If you let $U'=\ker\widetilde{P}$, those two points will show that $\widetilde{P}$ is a projection along $U'$, so that $V=U\oplus U'$ as vector spaces. One checks again that $U'$ is stable under the $G$-action, hence is actually a $K[G]$-submodule, and thus $V=U\oplus U'$ is actually a decomposition into $K[G]$-submodules.

This shows any finite dimensional representation of $K[G]$ is completely reducible, which is one of the definitions of $K[G]$ being semisimple.

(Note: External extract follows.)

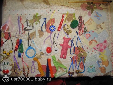 А вот подвесочки поподробней: тут и просто всякие ленточки(вьюнок, атласные, просто шнурочки, вязаное кружево), большие и маленькие фигурные пуговки, бусины, игрушки от детской растяжки на кроватку, также текстильный розовый мишка, у которого в пузе бисер, также есть просто катушка от ниток на хлопковом зеленом кружеве))

Perhaps you are aware, but this is Maschke's Theorem, details of the above can be found in Etingof's Represenation Theory, particularly Proposition 3.5.8 and Theorem 4.1.1.

Answer 2

If $M$ is an $R$-module and $p \colon M \to M$ is an idempotent endomorphism (i.e. $p^2 = p$) then $M = \operatorname{im} p \oplus \ker p$ (this is a straightforward calculation). (The mapping $p \mapsto (\operatorname{im} p, \ker p)$ does in fact give a bijection between the idempotent endomorphisms of $M$ and the pairs $(L,N)$ of submodules $L, N \subseteq M$ with $M = L \oplus N$.)

Given any submodule $U \subseteq V$ the hint shows how to construct an idempotent endomorphism $\tilde{P} \colon V \to V$ with $\operatorname{im} \tilde{P} = U$. Then $V = \ker \tilde{P} \oplus \operatorname{im} \tilde{P} = \ker \tilde{P} \oplus U$. Hence every submodule of $V$ has a direct complement.

If $V$ is finite-dimensional then by iterating this process we can decompose $V$ into a direct sum of simple modules. This does in particular apply to ${}_{K[G]} K[G]$ itself, since $G$ is finite.